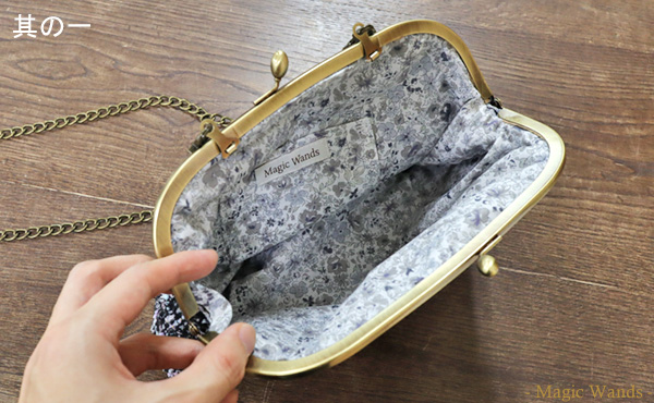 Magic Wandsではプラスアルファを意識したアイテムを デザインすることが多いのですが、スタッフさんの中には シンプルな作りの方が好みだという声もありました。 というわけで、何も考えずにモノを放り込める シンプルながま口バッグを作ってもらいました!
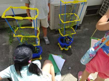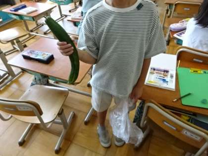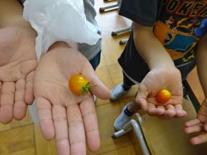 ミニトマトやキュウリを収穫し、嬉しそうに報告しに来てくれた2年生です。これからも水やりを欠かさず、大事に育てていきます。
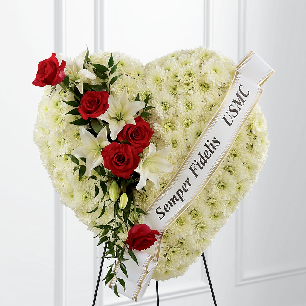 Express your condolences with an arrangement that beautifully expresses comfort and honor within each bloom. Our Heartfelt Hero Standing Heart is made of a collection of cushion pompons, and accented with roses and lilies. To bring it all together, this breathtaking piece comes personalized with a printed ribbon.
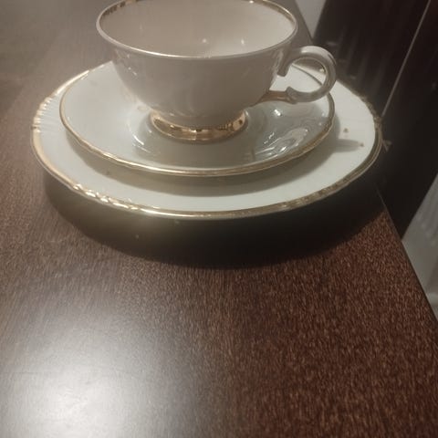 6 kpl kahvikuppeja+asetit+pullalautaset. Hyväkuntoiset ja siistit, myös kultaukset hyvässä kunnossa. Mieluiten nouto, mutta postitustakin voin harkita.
····················
Please retype the data exactly, but do not carry over any picture.

## TASK OUTPUT
 Magic Wandsではプラスアルファを意識したアイテムを デザインすることが多いのですが、スタッフさんの中には シンプルな作りの方が好みだという声もありました。 というわけで、何も考えずにモノを放り込める シンプルながま口バッグを作ってもらいました!
 ミニトマトやキュウリを収穫し、嬉しそうに報告しに来てくれた2年生です。これからも水やりを欠かさず、大事に育てていきます。
 Express your condolences with an arrangement that beautifully expresses comfort and honor within each bloom. Our Heartfelt Hero Standing Heart is made of a collection of cushion pompons, and accented with roses and lilies. To bring it all together, this breathtaking piece comes personalized with a printed ribbon.
 6 kpl kahvikuppeja+asetit+pullalautaset. Hyväkuntoiset ja siistit, myös kultaukset hyvässä kunnossa. Mieluiten nouto, mutta postitustakin voin harkita.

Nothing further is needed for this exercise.